There hasn't been any IRQ related changes recently in the USB code, so I suspect this is something more generic.

--HPS
Comment 2 Dustin Marquess 2016-10-24 02:56:46 UTC
Created attachment 176090 [details]
output from debug=32
Comment 3 Dustin Marquess 2016-10-24 05:28:55 UTC
I'm really starting to think that this is a Lenovo bug now.  On a hunch I booted a live USB of "that other OS" and sure enough, it has the same issue!
Comment 4 Hans Petter Selasky freebsd_committer freebsd_triage 2016-10-24 06:37:36 UTC
Hi,

From what I can see, something is generating the fake USB interrupts. There is no real reason for USB to interrupt that frequently.

--HPS
Comment 5 Hans Petter Selasky freebsd_committer freebsd_triage 2016-10-24 06:38:46 UTC
Sometimes this can happend because the BIOS was using a PCI device and didn't clear the IRQ's properly before exiting. Typically the VGA adapter.
Comment 6 Dustin Marquess 2016-10-24 08:22:06 UTC
There's no monitor nor keyboard attached. Access is normally done using Serial over IPMI, however the system does have a built-in IPKVM in the BMC that I assume attached over USB.
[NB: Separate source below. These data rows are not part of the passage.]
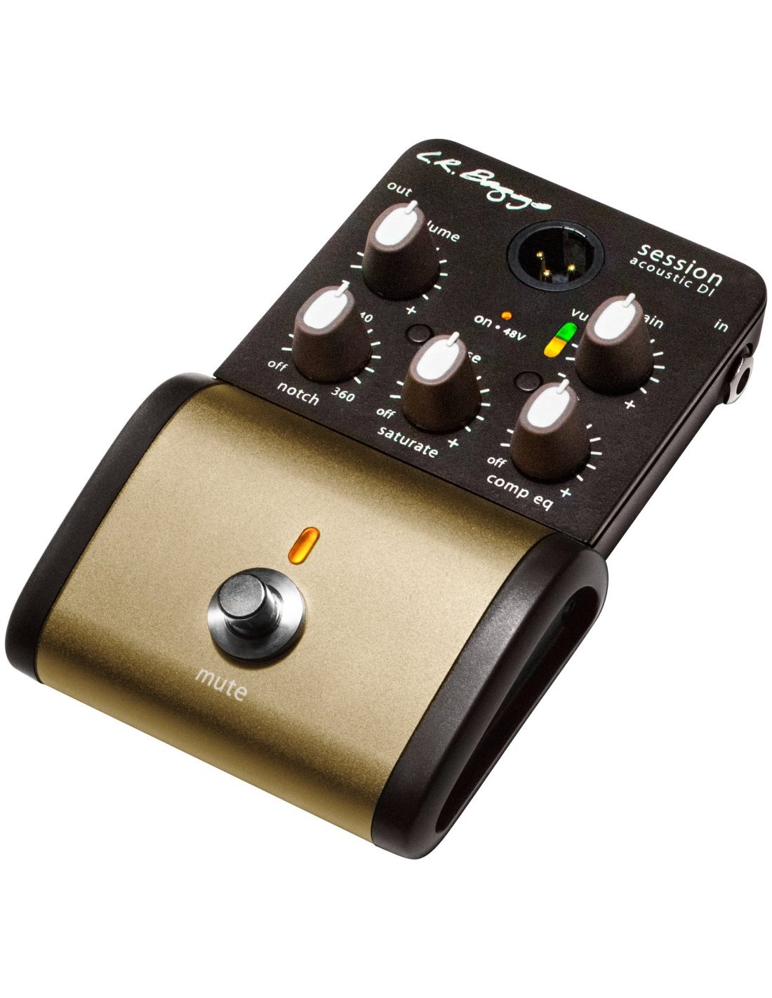 LR Baggs Session DI External Acoustic Guitar Preamp. The LR Baggs Session DI is an external acoustic guitar preamp with Analog Saturation, Compression/EQ, Garret Null notch filter, Variable high-pass filter, VU meter, Ground lift switch, XLR output, 48V phantom power, 9V battery or 9V DC powering, Mute footswitch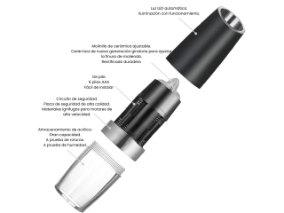 Cuenta con 3 luces LED azules que se encienden automáticamente cuando el molinillo está en funcionamiento.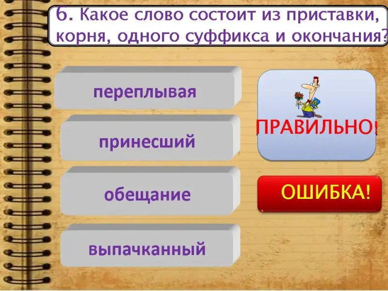 | 6. Омонимичные корни - это корни, имеющие разное лексическое значение, как в словах носить и носик | ||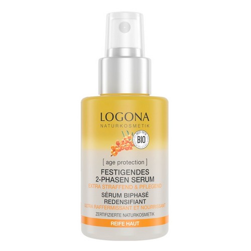 Das LOGONA Festigende 2-Phasen Feuchtigkeitsserum verwöhnt die Haut sofort mit wertvoller Feuchtigkeit und intensiver Pflege. Die hochwertige, vegane Rezeptur mit regionalem Bio-Sanddorn und natürlichem Hyaluron strafft die Haut und stärkt die Hautschutzbarriere. Die Kombination aus Öl- und Wasser-Phase polstert die Haut auf und pflegt intensiv für ein sofort angenehm geschmeidiges Hautgefühl.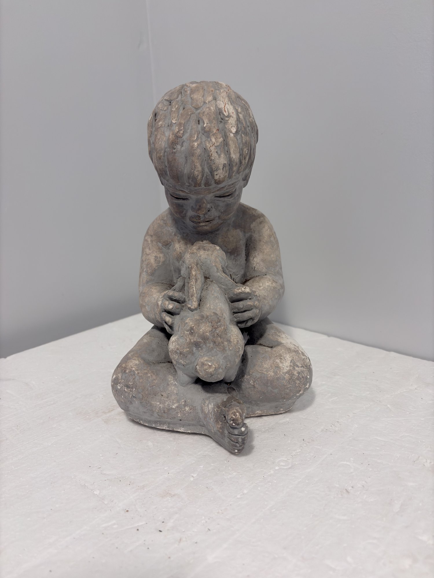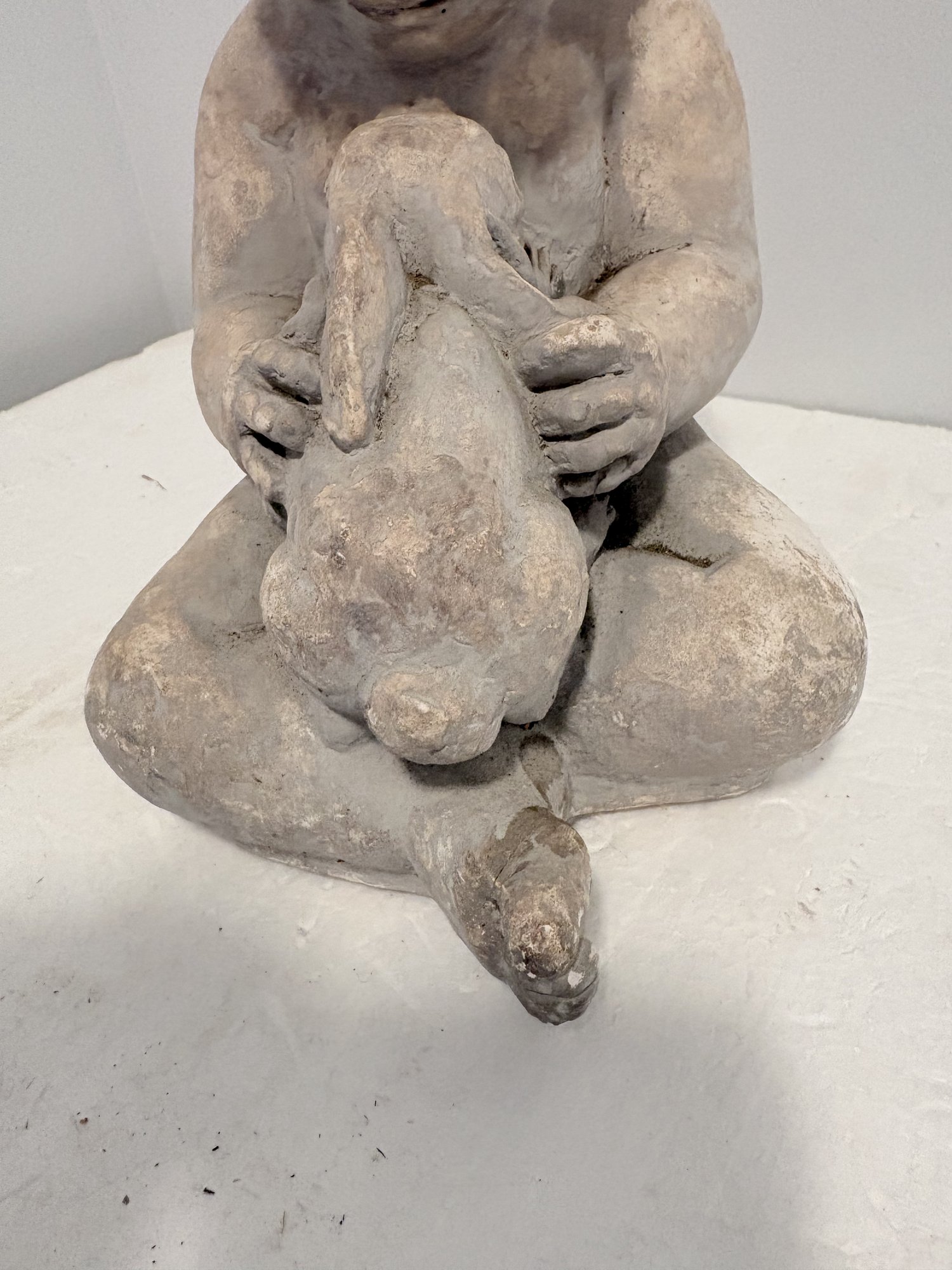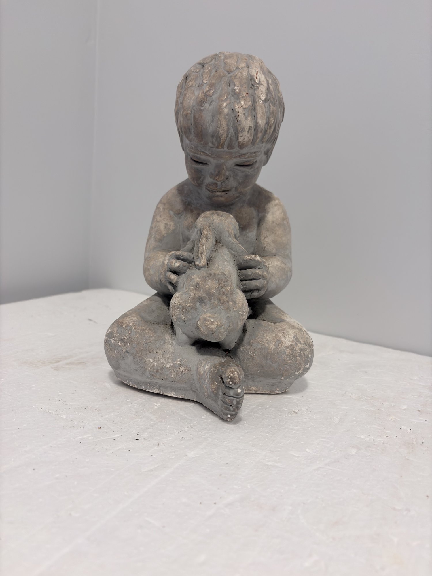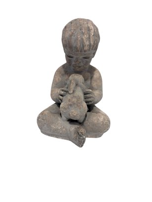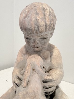 Sculpture Of Boy With Rabbit - 9 Inch Tall - Miro Musulin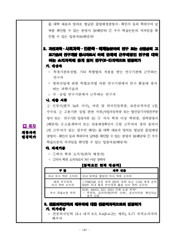 - 187 %uf000%uccb4%ub958%uc790%uaca9%ubcc0%uacbd%ud5c8%uac00%u2785 %ub300%ud559 %ub300%ud45c%uc790 %uba85%uc758%ub85c %ubc1c%uae09%ub41c %uc878%uc5c5%uc608%uc815%uc99d%uba85%uc11c%u00b7%ud655%uc778%uc11c %ub4f1%uacfc %ud559%uc704%uc218%uc5ec %ub0a0%uc9dc%ub97c %ud655%uc778%ud560 %uc218 %uc788%ub294%uc99d%uba85%uc11c%ub4f1(%ud574%ub2f9%uc790)%u2466 %uc6b0%uc218 %ud559%uc220%ub17c%ubb38%uc758 %uc800%uc790%uc784%uc744 %ud655%uc778%ud560 %uc218 %uc788%ub294 %uc785%uc99d%uc790%ub8cc(%ud574%ub2f9%uc790) 2. %uc790%uc5f0%uacfc%ud559%u00b7%uc0ac%ud68c%uacfc%ud559%u00b7%uc778%ubb38%ud559%u00b7%uc608%uccb4%ub2a5%ubd84%uc57c%uc758 %uc5f0%uad6c %ub610%ub294 %uc0b0%uc5c5%uc0c1%uc758 %uace0%ub3c4%uae30%uc220%uc758 %uc5f0%uad6c%uac1c%ubc1c %uc885%uc0ac%uc790%ub85c%uc11c %uc544%ub798 %ub2e8%uccb4%uc5d0 %uadfc%ubb34%uc608%uc815%uc778 %uc5f0%uad6c%uc6d0 %ub300%ud558%uc5ec%ub294 %uc18c%uc9c0%uc790%uaca9%uc5d0 %uad00%uacc4 %uc5c6%uc774 %uc5f0%uad6c(E-3)%uc790%uaca9%uc73c%ub85c %ubcc0%uacbd%ud5c8%uac00%uac00.%ub300%uc0c1%uc790%u25e6%ud2b9%uc815%uae30%uad00%uc721%uc131%ubc95,%uae30%ud0c0 %ud2b9%ubcc4%ubc95%uc758 %uc801%uc6a9%uc744 %ubc1b%ub294 %uc5f0%uad6c%uae30%uad00%uc5d0 %uadfc%ubb34%ud558%ub294 %uc5f0%uad6c%uc790%u25e6%ubc29%uc704%uc0b0%uc5c5%uc5d0 %uad00%ud55c %ud2b9%ubcc4%uc870%uce58%ubc95 %uc758%ud55c %uc5f0%uad6c%uae30%uad00%uc5d0%uc11c %uc5f0%uad6c %ud65c%ub3d9%uc5d0 %uc885%uc0ac%ud558%ub294 %uacfc%ud559%uae30%uc220%uc790%u25e6%uad6d%u2024%uacf5%ub9bd %uc5f0%uad6c%uae30%uad00%uc5d0%uc11c %uadfc%ubb34%ud558%ub294 %uc5f0%uad6c%uc790%ub098.%uc81c%ucd9c %uc11c%ub958%u2460%uc2e0%uccad%uc11c(%ubcc4%uc9c0 34%ud638 %uc11c%uc2dd),%uc5ec%uad8c %ubc0f %uc678%uad6d%uc778%ub4f1%ub85d%uc99d,%ud45c%uc900%uaddc%uaca9%uc0ac%uc9c4 1%uc7a5,%uc218%uc218%ub8cc%u2461%uace0%uc6a9%uae30%uad00 %uc124%ub9bd %uad00%ub828 %uc11c%ub958(%uc0ac%uc5c5%uc790%ub4f1%ub85d%uc99d %ub610%ub294 %ubc95%uc778%ub4f1%uae30%uc0ac%ud56d%uc804%ubd80%uc99d%uba85%uc11c%ub610%ub294 %uc5f0%uad6c%uae30%uad00 %uc785%uc99d%uc11c%ub958%ub4f1)%u2462%uc11d%uc0ac %ud559%uc704 %uc774%uc0c1 %ud559%uc704%uc99d,%uacbd%ub825%uc99d%uba85%uc11c(%ud574%ub2f9%uc790)%u2463%uace0%uc6a9%uacc4%uc57d%uc11c %ub610%ub294 %uc784%uc6a9%uc608%uc815%ud655%uc778%uc11c %u2464%uc6d0 %uadfc%ubb34%ucc98%uc758 %uc7a5%uc758 %ub3d9%uc758%uc11c(%uc6d0 %uadfc%ubb34%ucc98%uac00 %uc788%ub294 %uacbd%uc6b0%ub9cc %ud574%ub2f9)%u2785 %ub300%ud559 %ub300%ud45c%uc790 %uba85%uc758%ub85c %ubc1c%uae09%ub41c %uc878%uc5c5%uc608%uc815%uc99d%uba85%uc11c%u00b7%ud655%uc778%uc11c %ub4f1%uacfc %ud559%uc704%uc218%uc5ec %ub0a0%uc9dc%ub97c %ud655%uc778%ud560 %uc218 %uc788%ub294%uc99d%uba85%uc11c%ub4f1(%ud574%ub2f9%uc790)%u2466 %uc6b0%uc218%ud559%uc220%ub17c%ubb38%uc758 %uc800%uc790%uc784%uc744 %ud655%uc778%ud560 %uc218 %uc788%ub294 %uc785%uc99d%uc790%ub8cc(%ud574%ub2f9%uc790) %ub2e4.%uc790%uaca9%uae30%uc900%u25e6%u2460%ubc15%uc0ac %ud559%uc704 %uc18c%uc9c0%uc790(%ucde8%ub4dd %uc608%uc815%uc790)%u25e6%u2461%uc11d%uc0ac %ud559%uc704 %uc18c%uc9c0%uc790%ub85c%uc11c 3%ub144 %uc774%uc0c1 %uacbd%ub825%uc7903. %uc804%ubb38%uc678%uad6d%uc778%ub825%uc758 %ubc30%uc6b0%uc790%uc5d0 %ub300%ud55c %uc804%ubb38%uc9c1%uc790%uaca9%uc73c%ub85c%uc758 %ubcc0%uacbd%ud5c8%uac00%uac00.%ud5c8%uac00%ub300%uc0c1%u25e6%uc804%ubb38%uc678%uad6d%uc778%ub825%u300aE-1%ub0b4%uc9c0 E-5,E-6(E-6-2%ub294 %uc81c%uc678),E-7%u300b%uc790%uaca9%uc18c%uc9c0%uc790%uc758 %ubc30%uc6b0%uc790%uad6c%ubd84%uc138%ubd80%ub0b4%uc6a9%uad6d%ub0b4%uc11d%uc0ac%ud559%uc704%uc18c%uc9c0%uc790%uad6d%ub0b4%ub300%ud559%uc744%uc878%uc5c5%ud55c%uc11d%uc0ac%ud559%uc704%uc18c%uc9c0%uc790%ud574%uc678%uc6b0%uc218%ub300%ud559%uc11d%uc0ac%ud559%uc704%uc18c%uc9c0%uc790%u2460TIMES%u8a8c%uc120%uc815%uc138%uacc4200%ub300%ub300%ud559%ub610%ub294%u2461QS%uc138%uacc4%uc21c%uc704500%uc704%uc774%ub0b4%ud574%uc678%uc6b0%uc218%ub300%ud559%uc878%uc5c5%uc11d%uc0ac%ud559%uc704%uc18c%uc9c0%uc790%uc6b0%uc218%ud559%uc220%ub17c%ubb38%uc800%uc790SCIE,A&HCI,SCI,SSCI%ub4f1%uc7ac%ub17c%ubb38%uc800%uc790**%uc8fc%uc800%uc790,%uacf5%uc800%uc790(%uc81c2%uc800%uc790%uc774%ud558),%uad50%uc2e0%uc800%uc790%ub85c%ud655%uc778%ub418%ub294%uacbd%uc6b0%uc778%uc815%u3010%uacbd%ub825%uc694%uac74%uba74%uc81c%ub300%uc0c1%uc790%u3011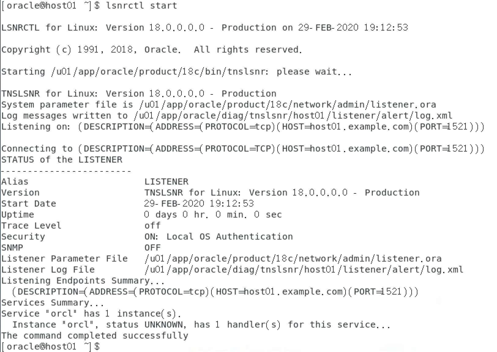 以下命令启动oracle监听服务,必须保证成功,如果出现错误,很可能是主机名称或者IP地址不正确。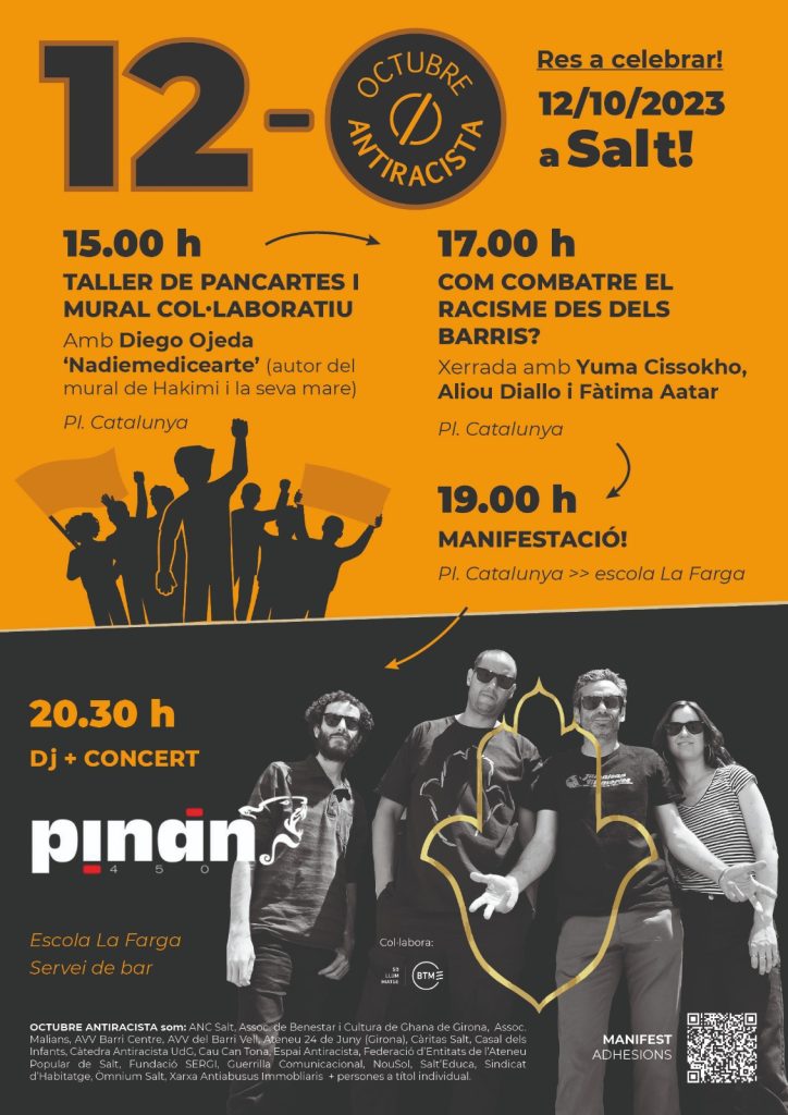 La plataforma Octubre Antiracista ha convocat una manifestació per al 12 d’octubre a les 19h, amb l’objectiu de visibilitzar i combatre el racisme. Sota el lema “Prou racisme, ni a Salt ni enlloc”, la manifestació recorrerà els carrers de la població, expressant un rebuig categòric al racisme i la discriminació. La jornada començarà a les 15 hores amb un taller de pancartes i un mural col·laboratiu amb l’artista Diego Ojeda «Nadiemedicearte», seguit d’una taula rodona a les 17h sobre com combatre el racisme des dels barris. La manifestació, que sortirà de la Plaça Catalunya de Salt, culminarà a l’escola La Farga, on es llegirà un manifest que reclama una perspectiva antiracista en el funcionament de les entitats socials i polítiques.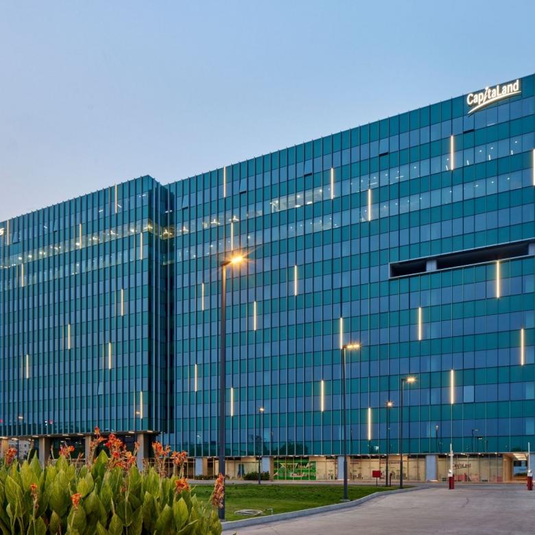 Each tower rises to a height of 45 m, comprising three basement levels for parking, a ground level for retail and food courts, and ten storeys above for office leases, capped by a terrace programmed for wellness activities. A naturally lit central atrium featuring hydroponic vertical gardens enhances indoor air quality and offers visual relief to each level. A high-performance glazed façade wraps the towers in laminated glass fins whose tonal variations echo CapitaLand’s brand palette. Landscaped refuge balconies and projected masses add a dynamic quality to the facade by offsetting the linearity of the tower.

I downgraded the BIOS as far as it'll let me, and it still happens.  I went to go downgrade the BMC, but they don't seem to post older releases of firmware for that. Sounds like I'll be opening a ticket with them!

Thanks for the help.
Comment 7 Dustin Marquess 2016-10-31 04:40:45 UTC
Okay, for some reason this seems to be caused by the Chelsio boot ROM.  Not sure how, but disabling that fixes it.  Sorry for the spam!